Build the protests and strikes
As well as the weakness and division on the Tories’ and bosses’ side, there are real strengths on ours. Over 190,000 people have pledged to cancel their fuel payments on 1 October. Enough is Enough is planning protests in 13 cities across Britain on that day, with details to be announced on Monday. The People’s Assembly is organising a major demo at Tory conference on 2 October. All these protests and campaigns can be huge and angry, and make it clear how little support Truss has.

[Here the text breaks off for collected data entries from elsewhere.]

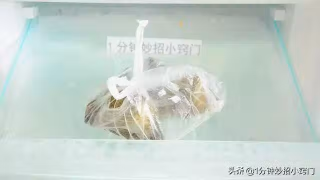 接著把粽子放到塑膠袋裡面打結封口,再放入冰箱的冷凍庫裡面,這樣就能夠起來延長保鮮期的作用。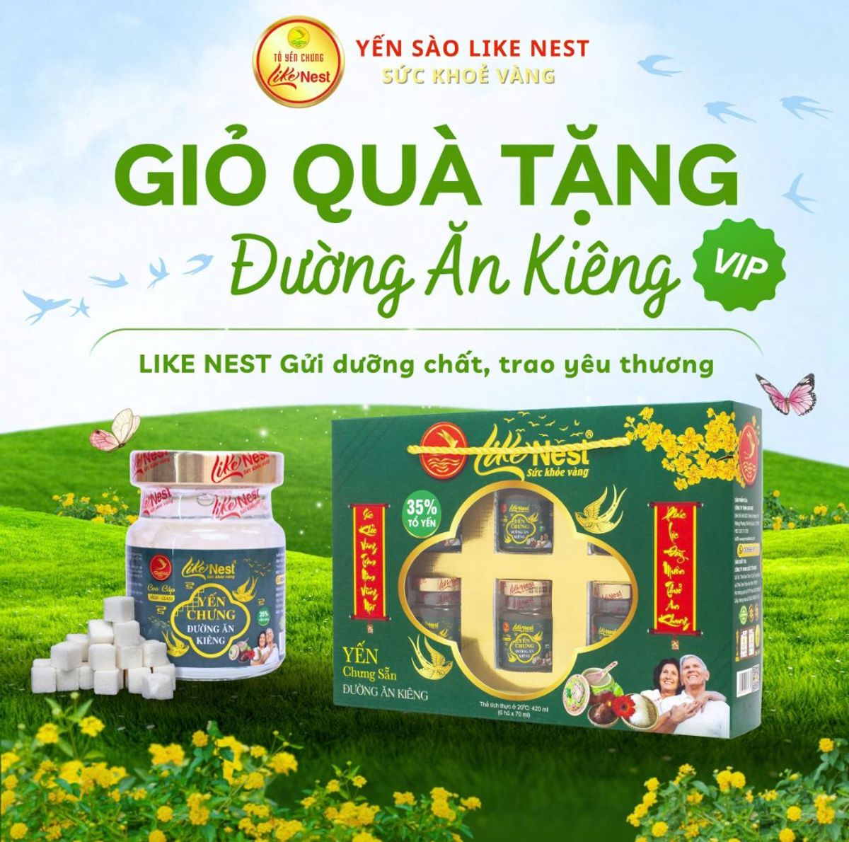 Yến chưng sẵn Like Nest vị đường ăn kiêng 35% (hộp quà VIP) là lựa chọn lý tưởng dành cho người ăn kiêng, người lớn tuổi, người tiểu đường nhẹ hoặc người muốn hạn chế đường nhưng vẫn muốn bổ sung dinh dưỡng từ yến. Với hàm lượng yến cao 35%, kết hợp cùng đường ăn kiêng an toàn, mang lại vị ngọt nhẹ, dễ uống và phù hợp cho nhiều đối tượng.
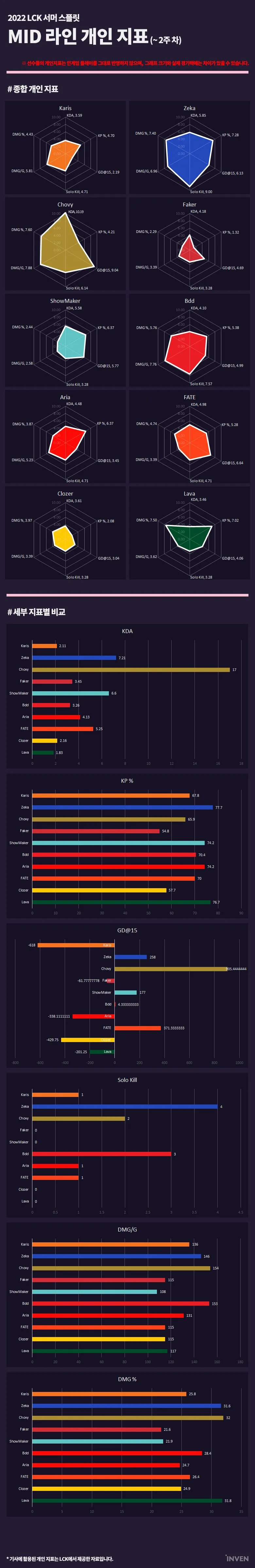 06月28日讯 韩媒INVEN发布2022LCK夏季赛第二周数据,具体内容翻译如下: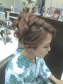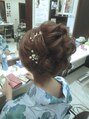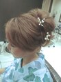 襟足をスッキリ上げて、バックにボリュームたっぷりのカールをたくさん作り、フロントは大人女子っぽく少し立ち上げて、サイド、トップとなじませてゆるっと流しまとめました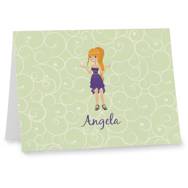 Our custom folded note cards are printed on premium 100lb. card stock and comes with white envelopes. The note card measure 5.5 by 4.25 inches and are blank on the inside for your handwritten message.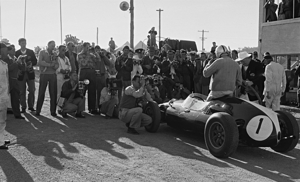 The great one raced a Cooper T51 Climax 2.5 (perhaps chassis #F2-4-59) to a convincing win from the similar cars of Bill Patterson and Bib Stillwell, albeit their cars were powered by 2.4-litre and 2.2-litre Climaxes respectively.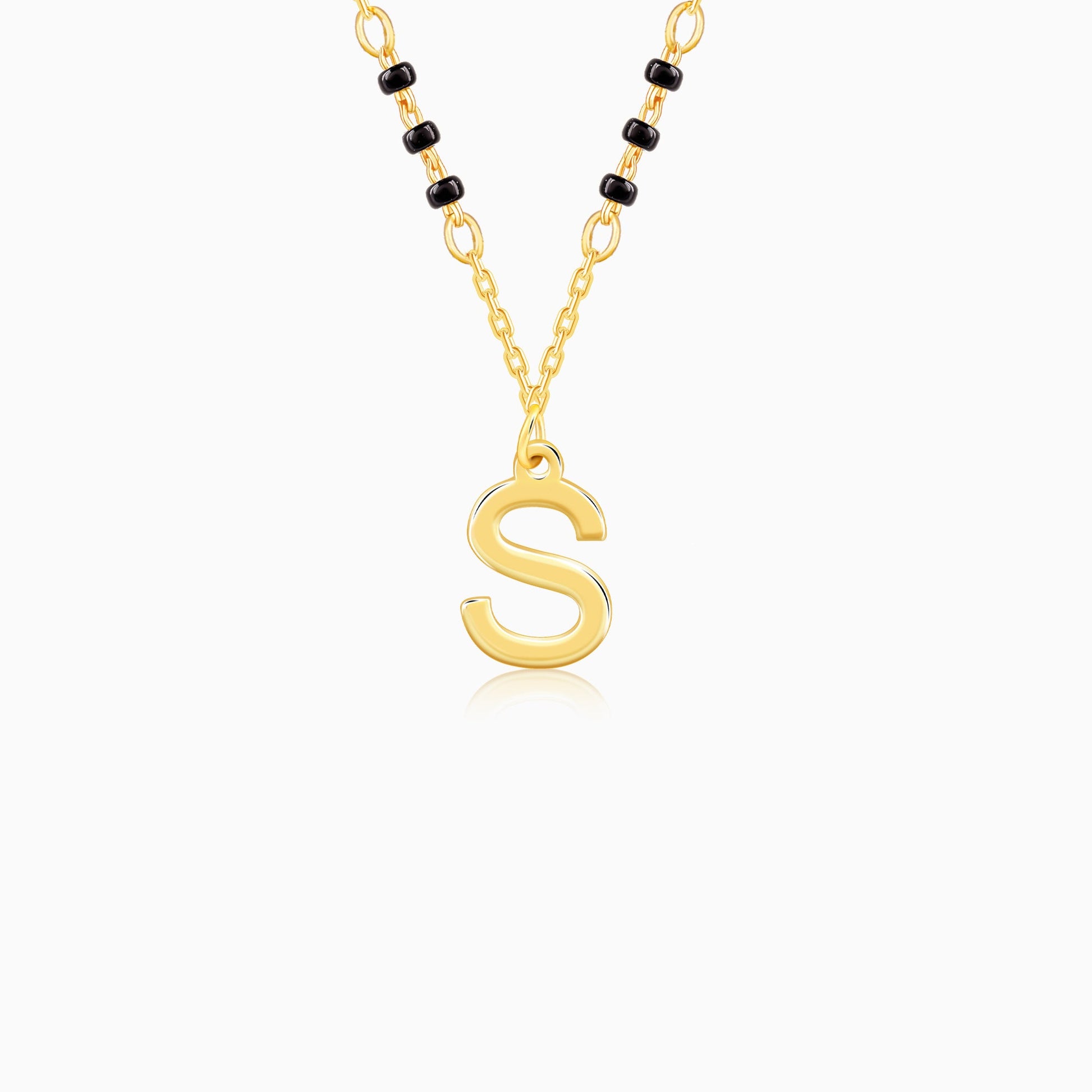 This personalised gold plated mangalsutra for women features an initial of your choice as the pendant. The chain features three black beads, adding to its minimalistic beauty.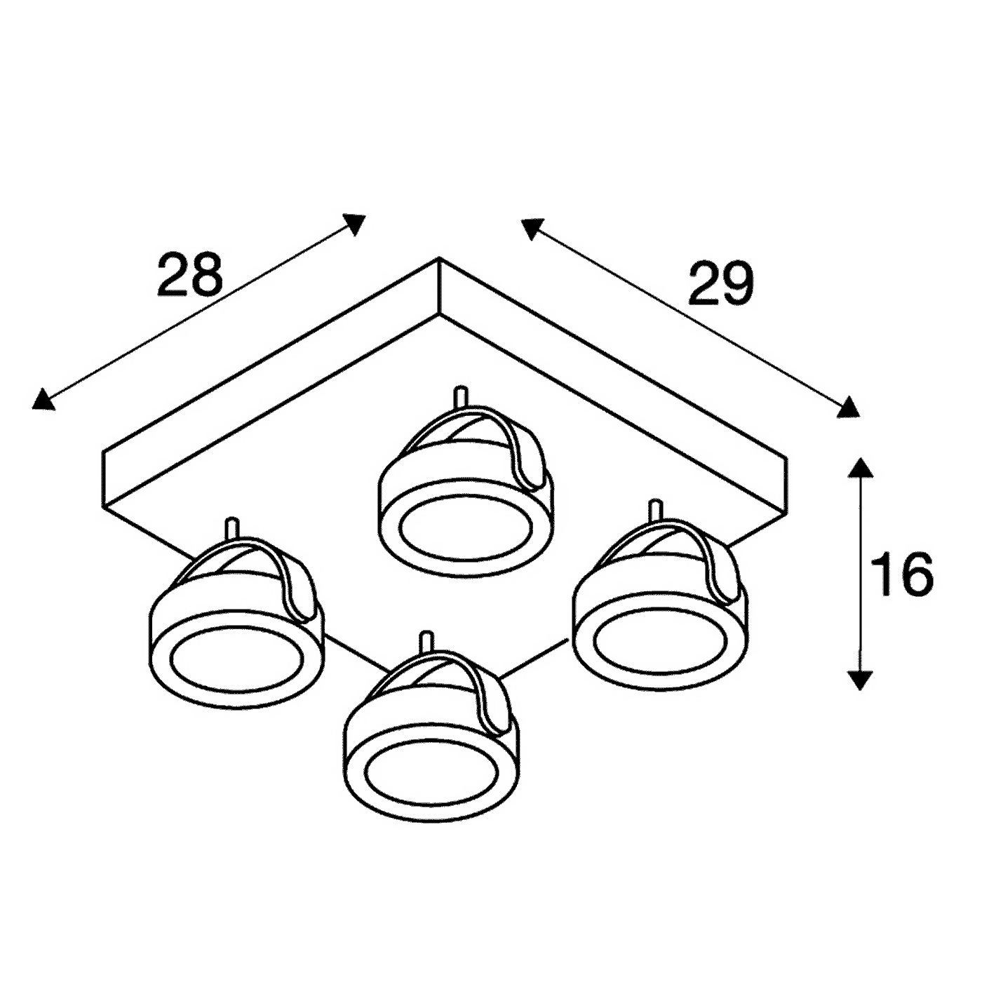 Накладной трековый потолочный светильник с четырьмя подвижными головками для ламп ES111 мощностью до 75 Вт каждая выполнен в черном цвете. Конструкция позволяет индивидуально направлять световые потоки и затемнять свет, обеспечивая гибкость в организации освещения. Светильник предназначен для монтажа на потолок в помещениях и подключается к сети 230 В. Размер основания 28×29 см при высоте 16 см задаёт масштаб и позволяет оценить размещение светильника, совместим с лампами классов энергопотребления E–A++, обеспечивая регулировку яркости и направленности света для локального или акцентного освещения.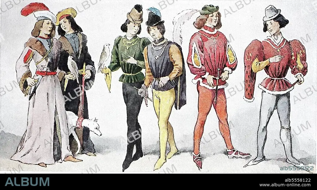 Kleidung, der ersten Hälfte des 15. Jahrhunderts, französische Gesellschaft, adlige Jugend der Falknerei, digital verbesserte Reproduktion eer Illustration aus dem 19. Jahrhundert, Mode in Frankreich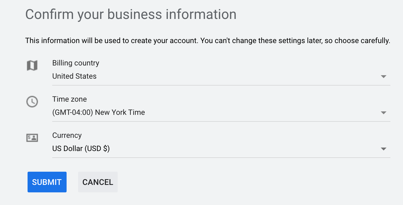As a final step, you must choose your Billing Country, Time Zone, and Currency.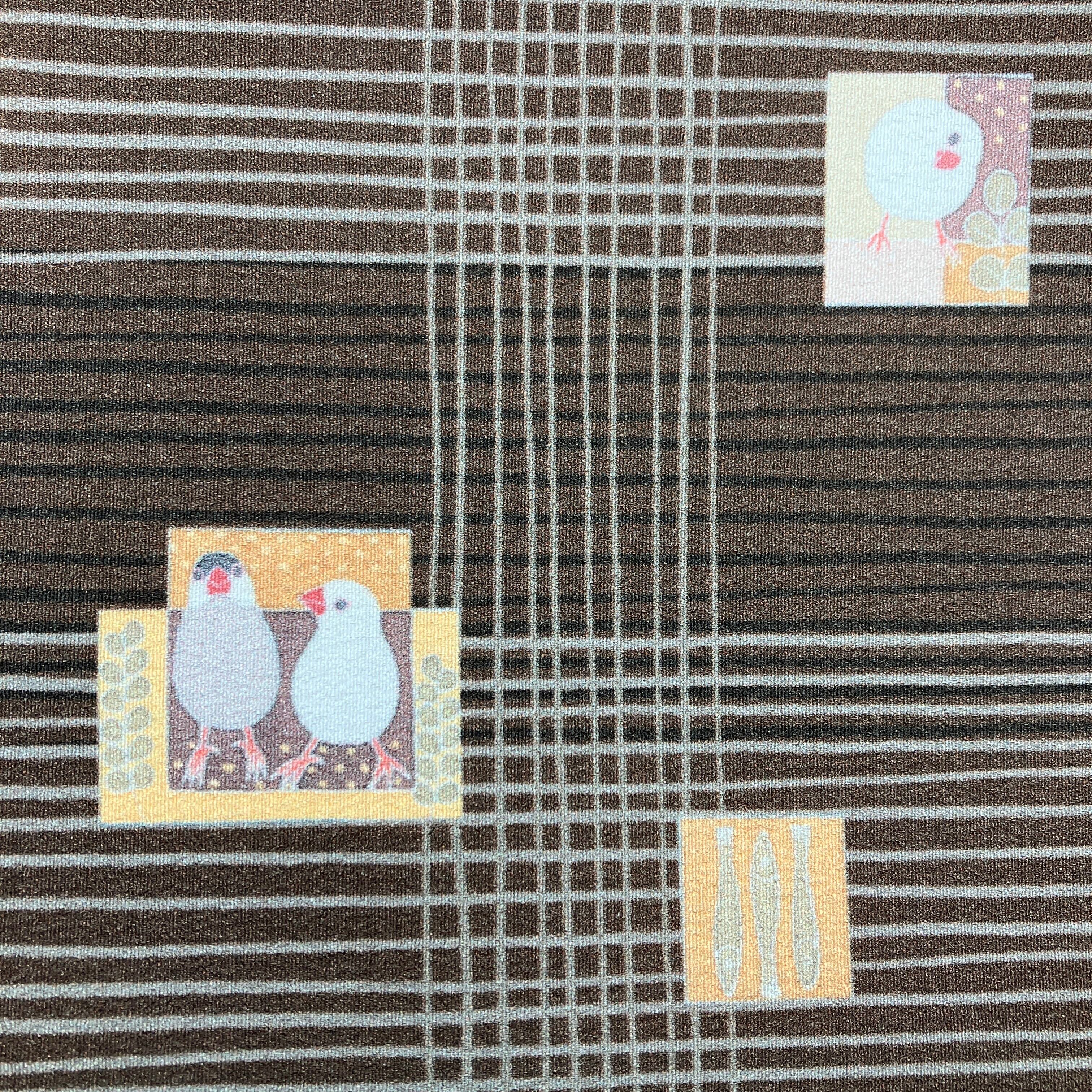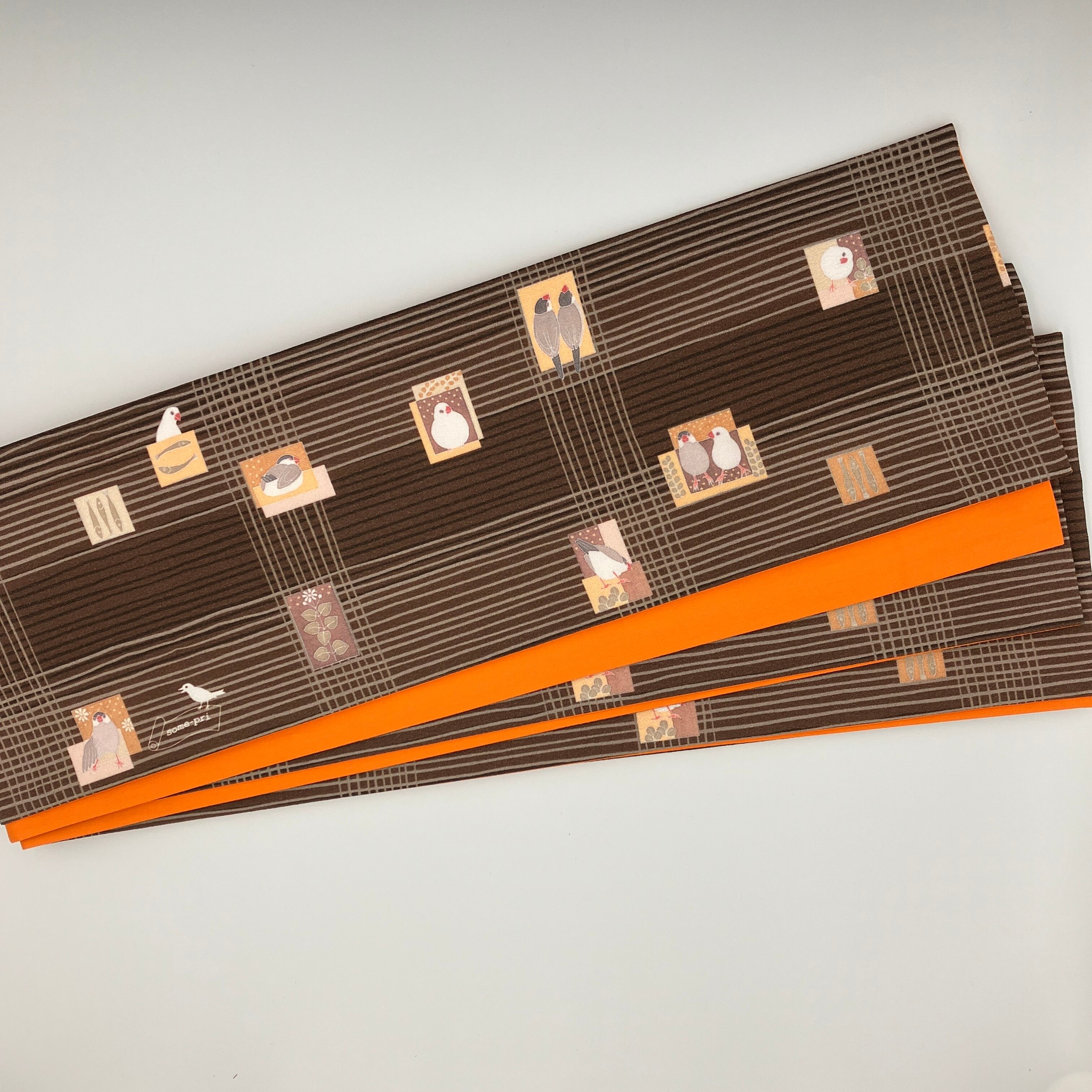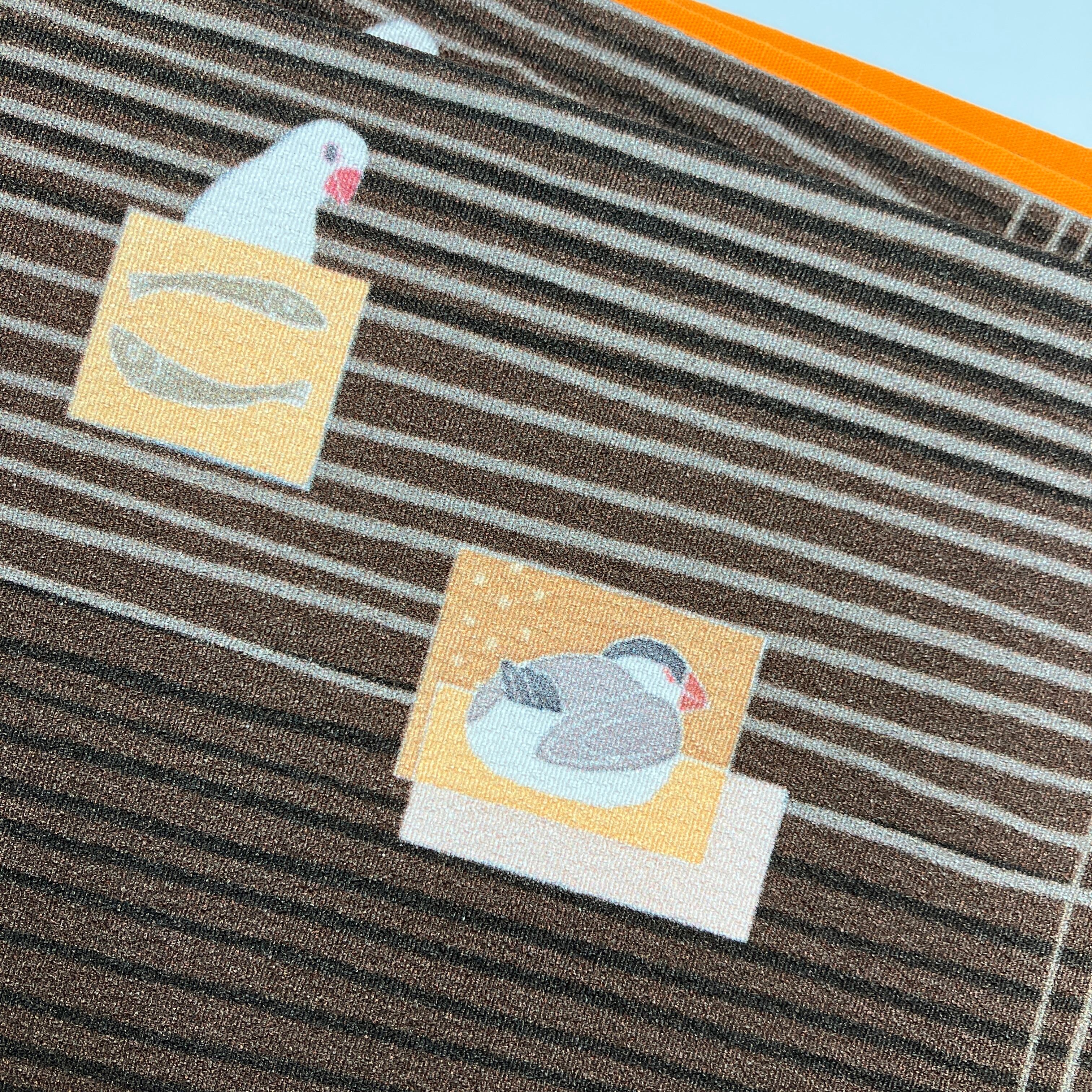 文鳥の可愛さをめいいっぱい詰め込んだデザインです。チョコレート色の地色に。裏地はビビットなオレンジにしました。

Finally, the key struggles for working people are those in workplaces. National strikes continue on the rail, in Royal Mail, BT and Openreach, with hundreds of thousands walking out on 1 October. Strike action begins on Monday in 26 further education colleges and on Tuesday in Felixtowe docks. Groups from oil workers to nurses are balloting. Many local strikes are winning – bus workers at First Cymru, members of Unite, have this week won a 14 percent pay rise. But with Royal Mail management on the attack and Truss in Number Ten, the national RMT and CWU disputes won’t be easily won. Union leaders need to match the attacks from the bosses and Tories, and go beyond one-day actions – that can beat Truss and Kwarteng within weeks.
Protest on 1 OctoberSee local details on the Enough is Enough website from Monday |
2 comments
This phrase, ‘This is a misunderstanding of both votes. People voted Leave for a variety of reasons which had nothing to do with the economy, both bad (racism) and good (a rejection of the neoliberal status quo)’ is avoiding the facts that Remain were responsible for delivering Johnson, his government and Starmer. On an honouring the Leave vote, Corbyn did better in 2017 than on a betraying the Leave vote in 2019. Jonny Jones and Ray Murrell wrote definitive accounts of this Remain fuck up before and just after it happened – they need to be re-read and acted upon.
Blairite Remain was entirely responsible for the position the UK is currently in. A negotiated UK exit from the EU under Corbyn would have been much better than what exists under Johnson – any of May’s various and failed deals would have been better than the current state.
The Remainers – positive or abstentionist need to be held to account and not let off. Their liberal politics need to be identified and eliminated as any influence in the coming struggles.